:: INSTRUCTIONS FOR THE TASK ::
Reproduce the whole listing below without its pictures, exactly as written.

:: EXERCISE DATA ::
....................

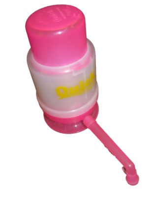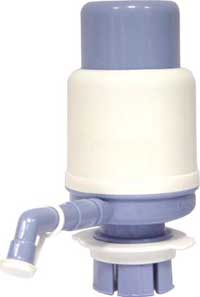 Помпа работает по принципу механического насоса. Воду дает порционно при каждом нажатии. Применяется для бутылей емкостью 19 и 13 литров. Высота 23 см.
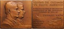 Tomáš Baťa a J.A.Baťa - 40.výročí firmy 1934 - dvojportrét zprava / starý a nový Zlín, anglický 10-řádkový nápis, Sign., patinovaný bronz 80x73 mm
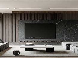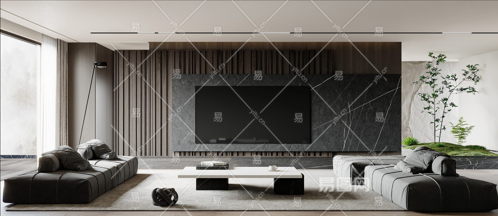 现代客厅 沙发 单椅 茶几 窗帘 地毯 书架 饰品 挂画

....................

:: SOLUTION TO THIS PROBLEM ::
 Помпа работает по принципу механического насоса. Воду дает порционно при каждом нажатии. Применяется для бутылей емкостью 19 и 13 литров. Высота 23 см.
 Tomáš Baťa a J.A.Baťa - 40.výročí firmy 1934 - dvojportrét zprava / starý a nový Zlín, anglický 10-řádkový nápis, Sign., patinovaný bronz 80x73 mm
 现代客厅 沙发 单椅 茶几 窗帘 地毯 书架 饰品 挂画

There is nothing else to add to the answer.